=== Source information ===

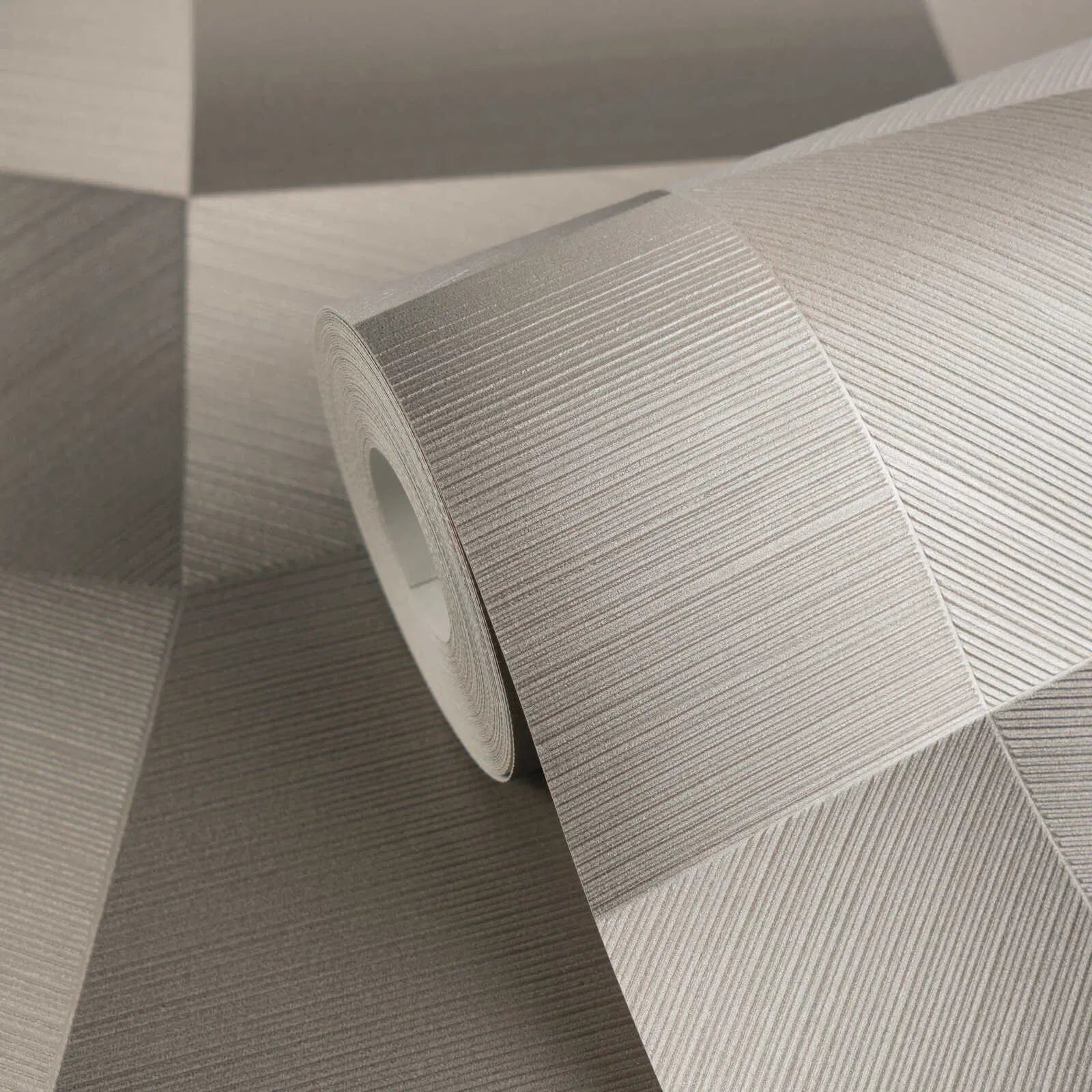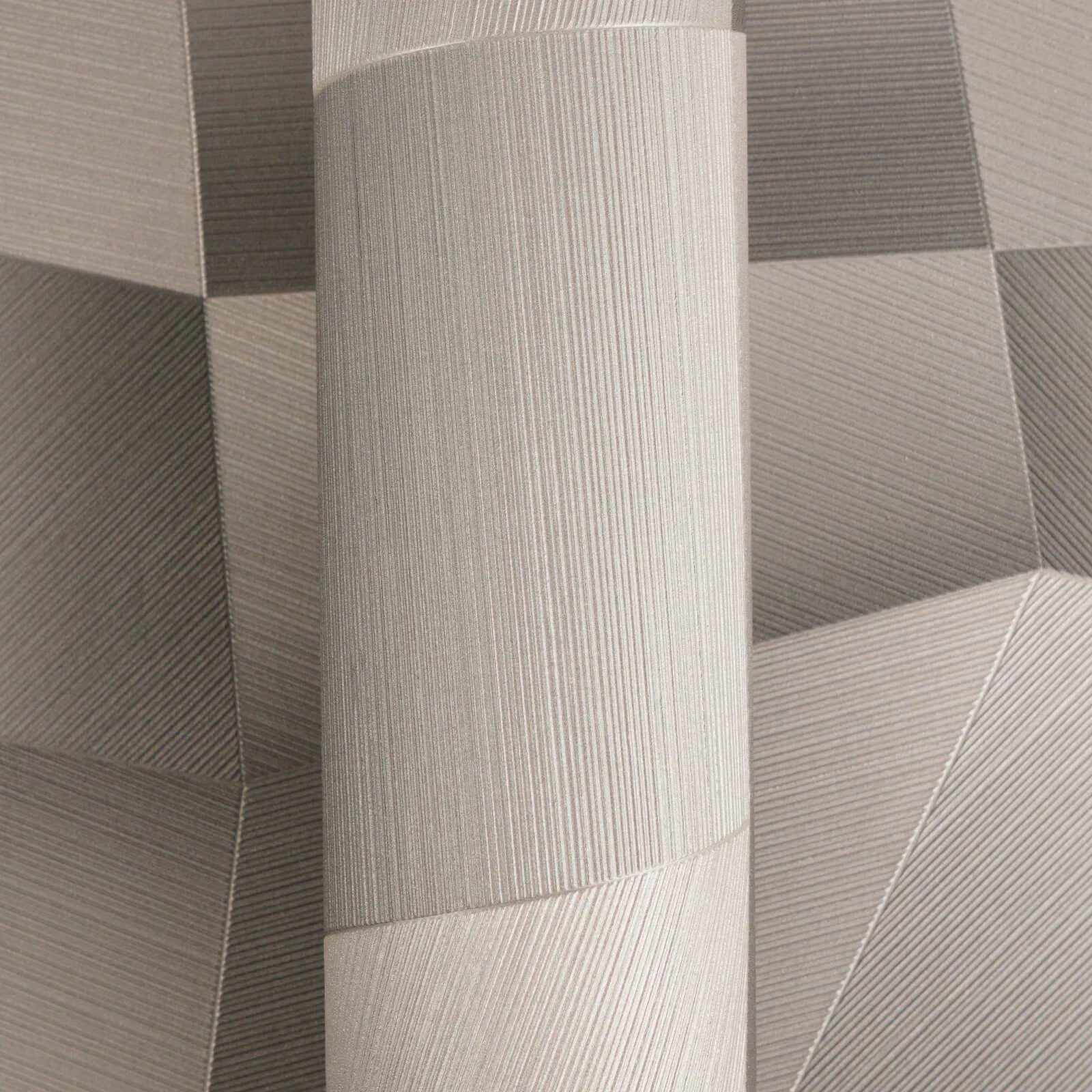Мотив обоев изображает геометрический узор из полированных, как будто переплетенных квадратов, которые напоминают трехмерный 3D-образ. Отдельные области выглядят как элегантно сложенные поверхности, пересеченные тонкими диагональными линиями, создавая впечатление матового металла. Цветовая палитра изысканна, с теплыми серо-коричневыми и серыми тонами, которые меняются в зависимости от игры света и изменения направления. Сочетание холодного металлического вида и мягких цветов создает современную, но сдержанную, элегантную атмосферу, которая придает помещениям глубину и динамизм, не будучи навязчивой.
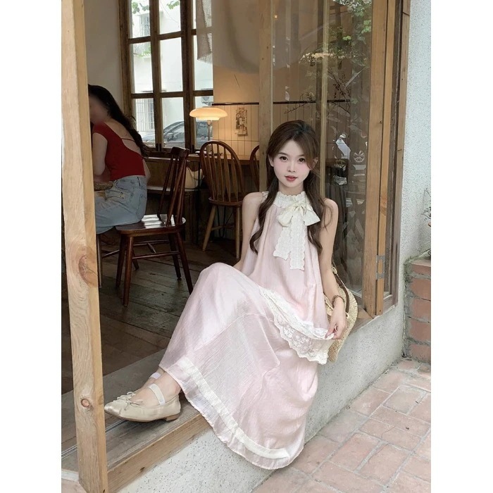 ファッション レースワンピース ホルターネック ワンピース キャミソール ハイウエスト ワンピース レディース
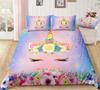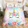 Cartoon Unicorn Duvet Cover Floral Rainbow Quilt Cover Microfiber 3D Girl's Eyelash Bedding Set Full For Kids Teen Kawaii Room
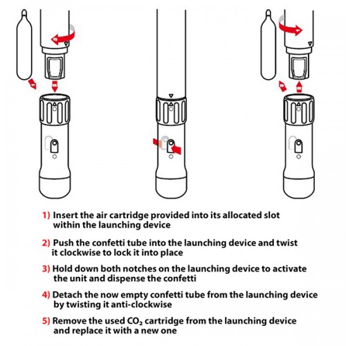 1 case of 20 (10 packets of 2) giant confetti cannons. Ideal for use both indoors and outdoors. Perfect for that special climax at any event. Product must be used along with Giant Confetti Cannon Launcher. Each cartridge measures 60cm and when attached to the launcher becomes a 70cm cannon.
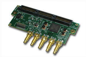This board provides Frac-N based synthesis of local oscillator signals for up/down conversion, digital filtering and 12-bit quantization of baseband data.
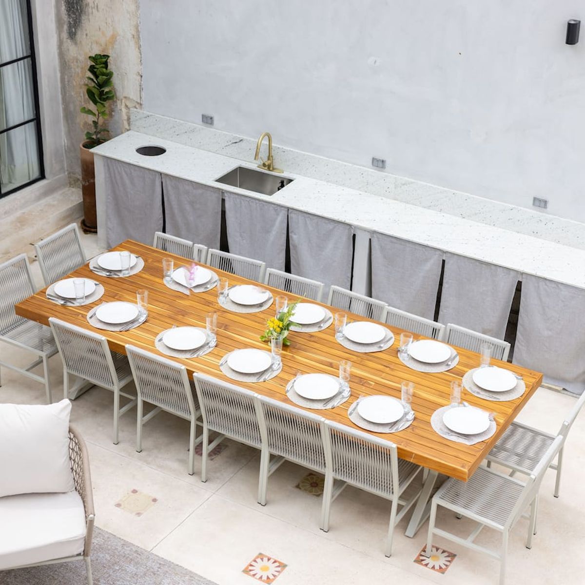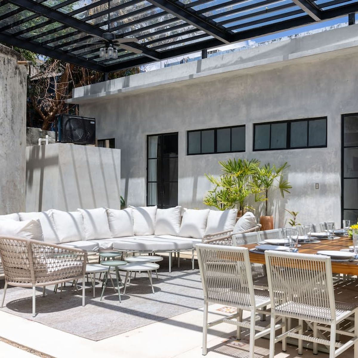 - Next to the living room is a covered outdoor dining area for 14 people.
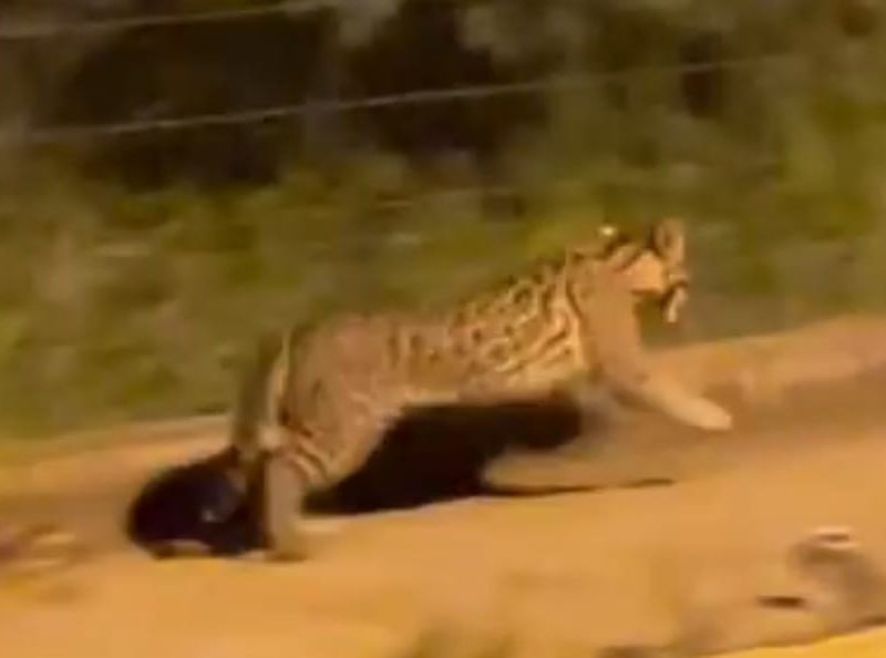 Jaguatirica é encurralada ao tentar entrar em área protegida por tela em MT; veja vídeo
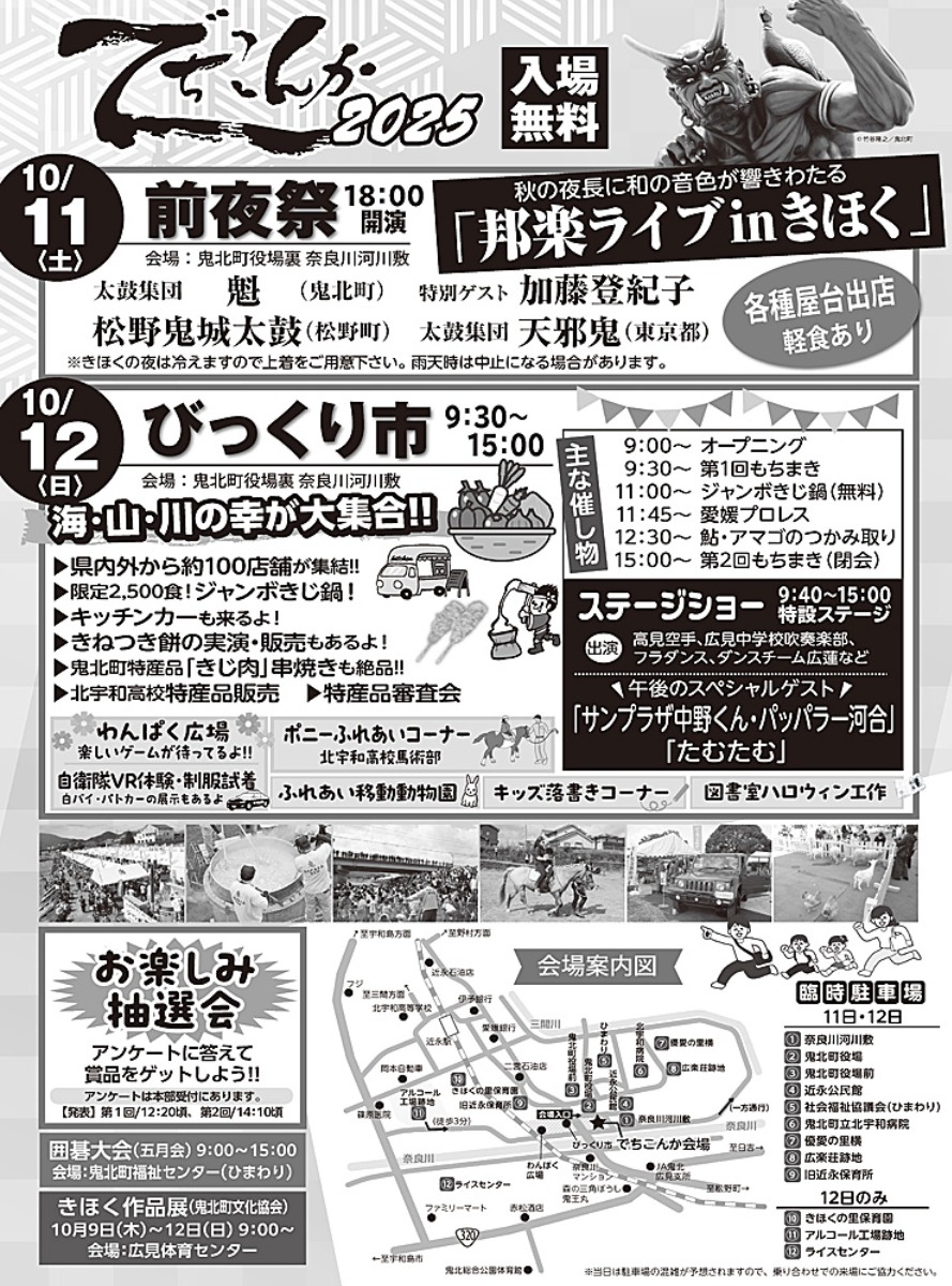 今年は鬼北町合併20周年記念事業ということもあり、よりスケールアップして10月11日(土)・12日(日)に開催。
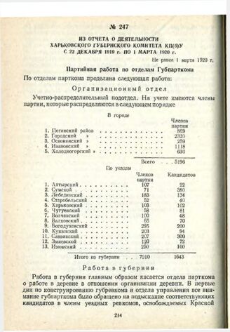 Из отчета о деятельности Харьковского губернского комитета КП(б)У с 22 декабря 1919 г. по 1 марта 1920 г. Не ранее 1 марта 1920 г. // Партийный архив Харьковского обкома КП Украины, ф. 10417, оп. 4, д. 288, лл. 5-6, 17-19, 32-41. Копия.
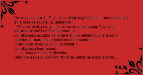 Een amerikaanse GI soldaat komt al lopend op een kruispunt en ziet er een non staan. Hij vraagt: "Zuster, mag ik mij even verbergen onder uw rok ik leg het later wel uit." De non gaat enthousiast...
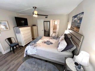 Stunning Move-In Ready 2BR/2BA Condo! Furnished & Beautifully renovated second-floor unit with smart split floor plan. Features ceramic tile and laminate wood flooring, crown molding, and ceiling fans throughout. Updated kitchen with modern appliances opens to spacious living/dining area. Master suite includes renovated en-suite bath and walk-in closet. Guest bedroom offers privacy with full bathroom and ample storage. Enjoy your enclosed patio and dedicated carport, Steps to community laundry. Walk to dining and shopping. Ready for immediate occupancy!
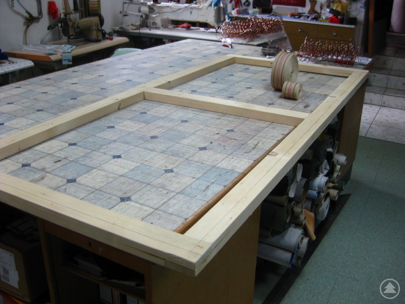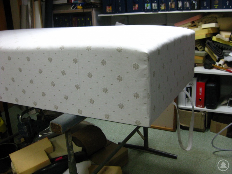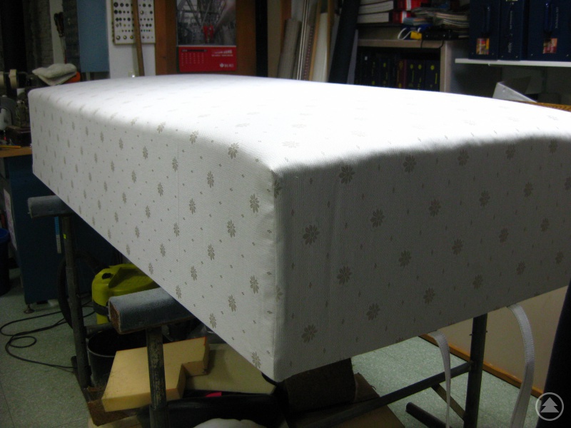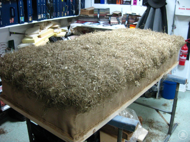 Ein rundum gesetzter Kantendraht verstärkt das Konstrukt. Dann verkleidet Roth das Gebilde mit Juteleinen, das am Rahmen festgenagelt wird. Unten bleibt es offen zur Belüftung. Danach setzt Franz Xaver Roth Leiterstiche auf die Matratze. Die Palmfaser Afrik wird als Polsterung auf das Leinen pikiert und mit der Hand verzupft.
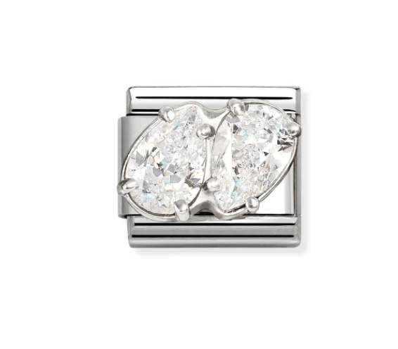 Composable CL steel, CZ and 925 sterling silver (09_WHITE double drops)
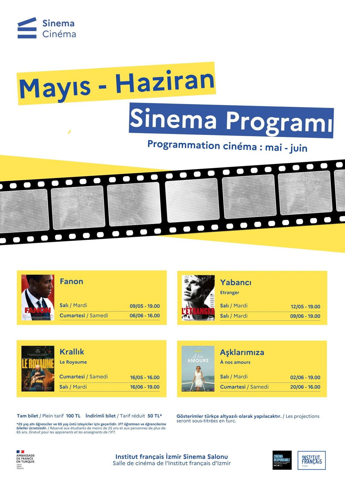 Sinema biletleri gösterimden 30 dakika önce Institut français İzmir girişinde satışa sunulacaktır. Yerler numarasız ve sınırlı sayıdadır.

===

What you should do: Copy the material above exactly and drop the pictures.

Output for this task:
Мотив обоев изображает геометрический узор из полированных, как будто переплетенных квадратов, которые напоминают трехмерный 3D-образ. Отдельные области выглядят как элегантно сложенные поверхности, пересеченные тонкими диагональными линиями, создавая впечатление матового металла. Цветовая палитра изысканна, с теплыми серо-коричневыми и серыми тонами, которые меняются в зависимости от игры света и изменения направления. Сочетание холодного металлического вида и мягких цветов создает современную, но сдержанную, элегантную атмосферу, которая придает помещениям глубину и динамизм, не будучи навязчивой.
 ファッション レースワンピース ホルターネック ワンピース キャミソール ハイウエスト ワンピース レディース
 Cartoon Unicorn Duvet Cover Floral Rainbow Quilt Cover Microfiber 3D Girl's Eyelash Bedding Set Full For Kids Teen Kawaii Room
 1 case of 20 (10 packets of 2) giant confetti cannons. Ideal for use both indoors and outdoors. Perfect for that special climax at any event. Product must be used along with Giant Confetti Cannon Launcher. Each cartridge measures 60cm and when attached to the launcher becomes a 70cm cannon.
This board provides Frac-N based synthesis of local oscillator signals for up/down conversion, digital filtering and 12-bit quantization of baseband data.
 - Next to the living room is a covered outdoor dining area for 14 people.
 Jaguatirica é encurralada ao tentar entrar em área protegida por tela em MT; veja vídeo
 今年は鬼北町合併20周年記念事業ということもあり、よりスケールアップして10月11日(土)・12日(日)に開催。
 Из отчета о деятельности Харьковского губернского комитета КП(б)У с 22 декабря 1919 г. по 1 марта 1920 г. Не ранее 1 марта 1920 г. // Партийный архив Харьковского обкома КП Украины, ф. 10417, оп. 4, д. 288, лл. 5-6, 17-19, 32-41. Копия.
 Een amerikaanse GI soldaat komt al lopend op een kruispunt en ziet er een non staan. Hij vraagt: "Zuster, mag ik mij even verbergen onder uw rok ik leg het later wel uit." De non gaat enthousiast...
 Stunning Move-In Ready 2BR/2BA Condo! Furnished & Beautifully renovated second-floor unit with smart split floor plan. Features ceramic tile and laminate wood flooring, crown molding, and ceiling fans throughout. Updated kitchen with modern appliances opens to spacious living/dining area. Master suite includes renovated en-suite bath and walk-in closet. Guest bedroom offers privacy with full bathroom and ample storage. Enjoy your enclosed patio and dedicated carport, Steps to community laundry. Walk to dining and shopping. Ready for immediate occupancy!
 Ein rundum gesetzter Kantendraht verstärkt das Konstrukt. Dann verkleidet Roth das Gebilde mit Juteleinen, das am Rahmen festgenagelt wird. Unten bleibt es offen zur Belüftung. Danach setzt Franz Xaver Roth Leiterstiche auf die Matratze. Die Palmfaser Afrik wird als Polsterung auf das Leinen pikiert und mit der Hand verzupft.
 Composable CL steel, CZ and 925 sterling silver (09_WHITE double drops)
 Sinema biletleri gösterimden 30 dakika önce Institut français İzmir girişinde satışa sunulacaktır. Yerler numarasız ve sınırlı sayıdadır.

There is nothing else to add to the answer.